** Prompt **
Exactly as they appear below, repeat the lines from the one with "Để tránh tổn" through the one with "Пленка для ламинирования". Drop every picture.

** Dataset **
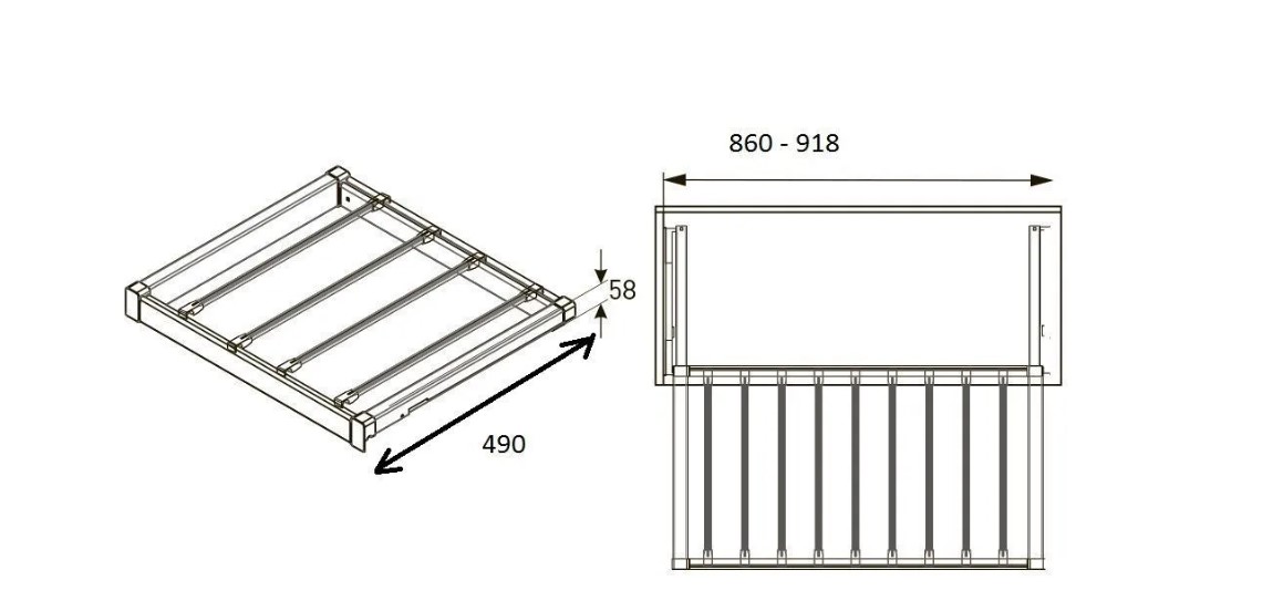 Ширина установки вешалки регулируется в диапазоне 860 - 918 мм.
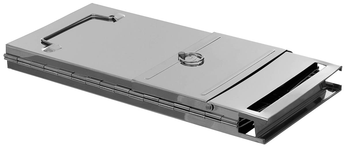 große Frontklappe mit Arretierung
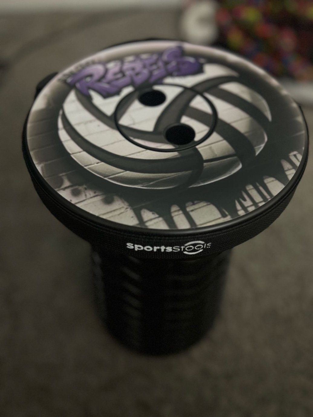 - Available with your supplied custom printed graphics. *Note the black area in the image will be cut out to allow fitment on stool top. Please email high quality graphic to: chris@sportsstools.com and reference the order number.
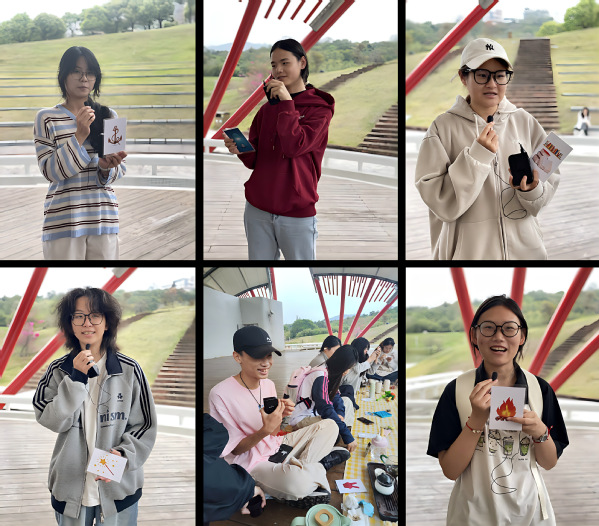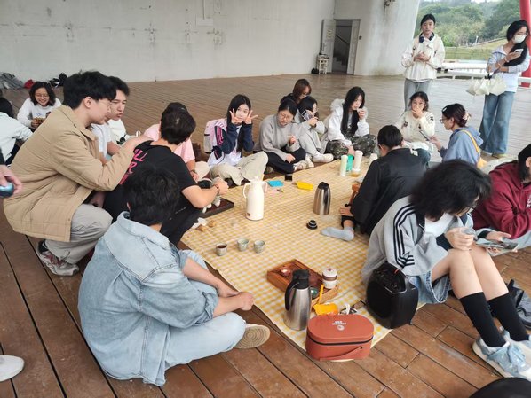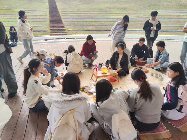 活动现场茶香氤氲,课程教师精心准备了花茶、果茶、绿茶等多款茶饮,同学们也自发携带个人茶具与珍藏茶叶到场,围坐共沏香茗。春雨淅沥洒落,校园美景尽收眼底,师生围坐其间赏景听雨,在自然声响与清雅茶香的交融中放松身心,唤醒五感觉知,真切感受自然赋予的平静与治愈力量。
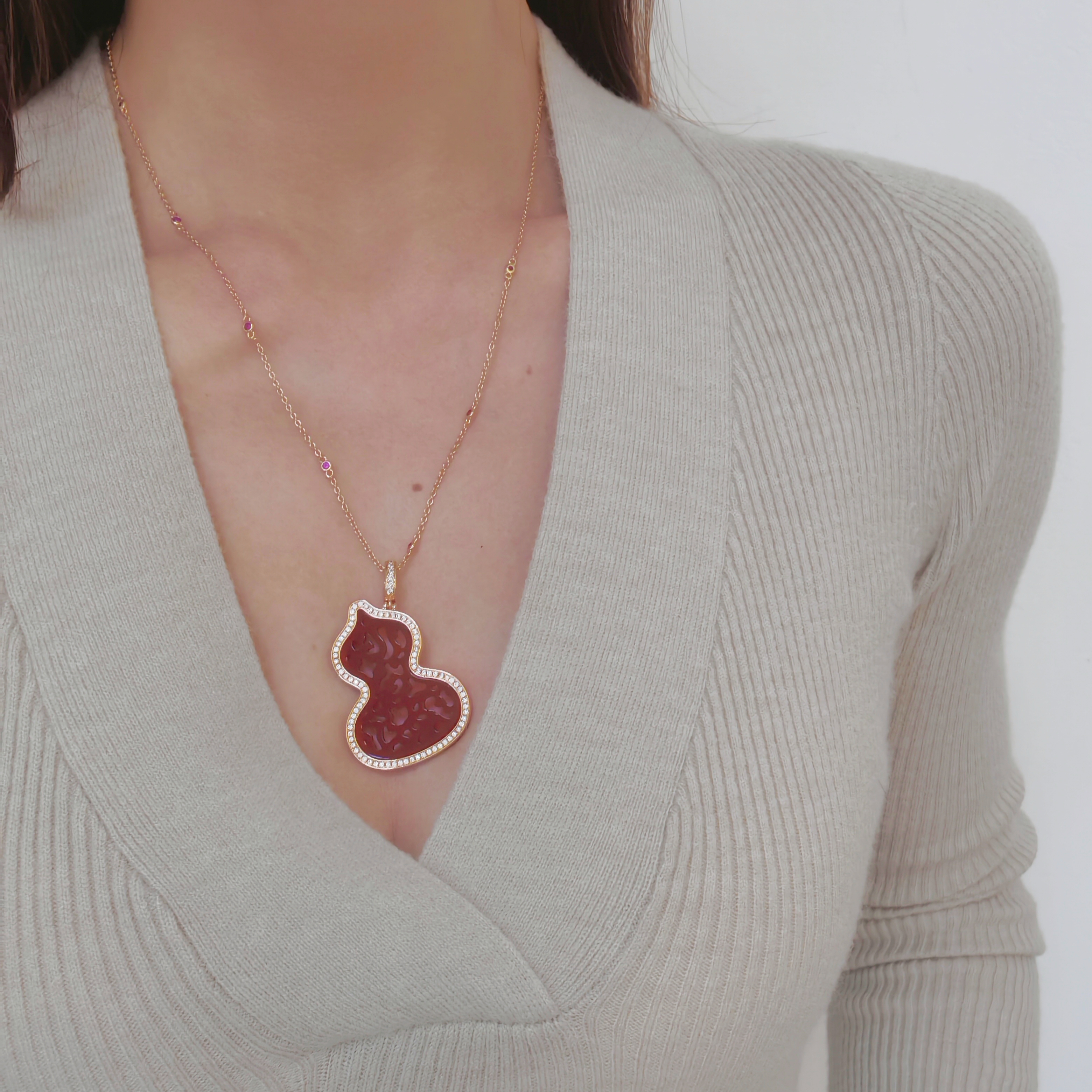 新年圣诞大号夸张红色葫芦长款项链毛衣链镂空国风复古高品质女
* * *
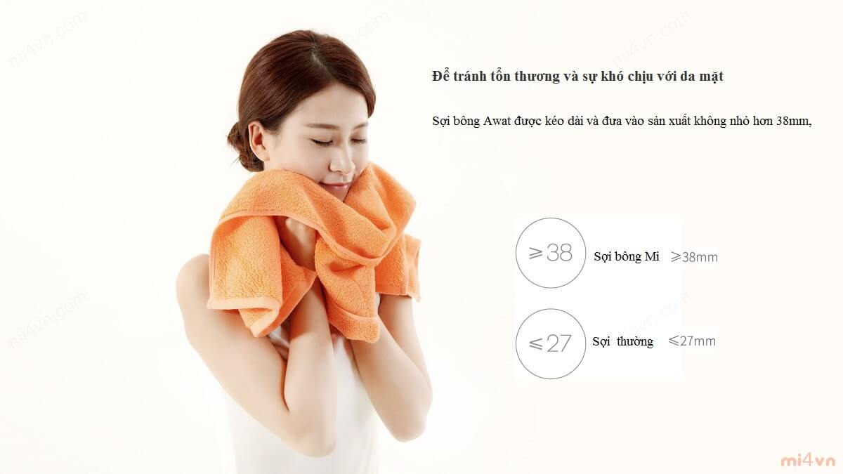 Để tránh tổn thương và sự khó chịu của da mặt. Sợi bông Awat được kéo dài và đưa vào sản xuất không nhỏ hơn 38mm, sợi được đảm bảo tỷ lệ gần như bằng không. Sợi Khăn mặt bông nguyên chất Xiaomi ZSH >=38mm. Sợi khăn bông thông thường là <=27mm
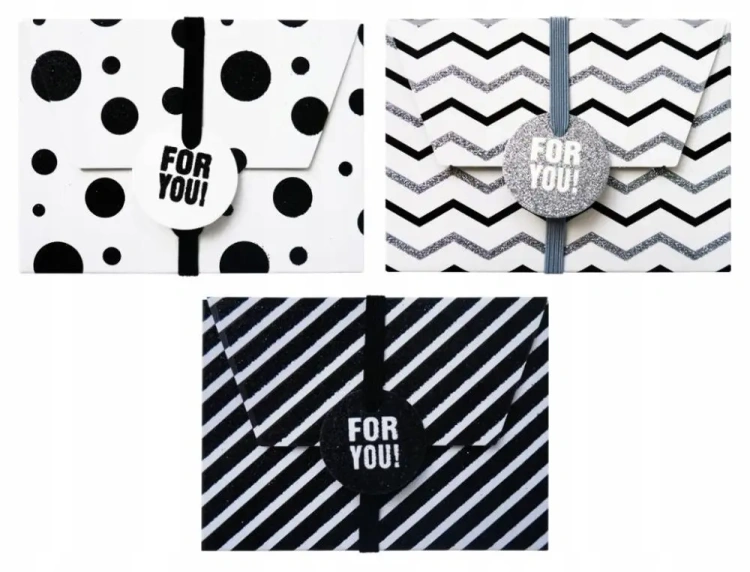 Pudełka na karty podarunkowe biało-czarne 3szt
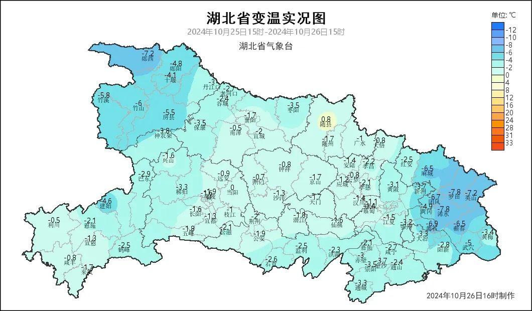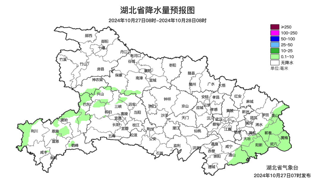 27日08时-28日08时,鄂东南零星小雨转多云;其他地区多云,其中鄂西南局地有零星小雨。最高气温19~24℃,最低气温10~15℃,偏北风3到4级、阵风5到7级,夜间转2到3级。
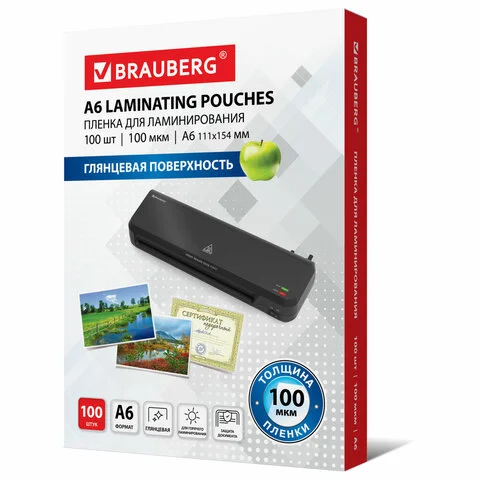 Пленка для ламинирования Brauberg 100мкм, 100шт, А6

** Solution below **
 Để tránh tổn thương và sự khó chịu của da mặt. Sợi bông Awat được kéo dài và đưa vào sản xuất không nhỏ hơn 38mm, sợi được đảm bảo tỷ lệ gần như bằng không. Sợi Khăn mặt bông nguyên chất Xiaomi ZSH >=38mm. Sợi khăn bông thông thường là <=27mm
 Pudełka na karty podarunkowe biało-czarne 3szt
 27日08时-28日08时,鄂东南零星小雨转多云;其他地区多云,其中鄂西南局地有零星小雨。最高气温19~24℃,最低气温10~15℃,偏北风3到4级、阵风5到7级,夜间转2到3级。
 Пленка для ламинирования Brauberg 100мкм, 100шт, А6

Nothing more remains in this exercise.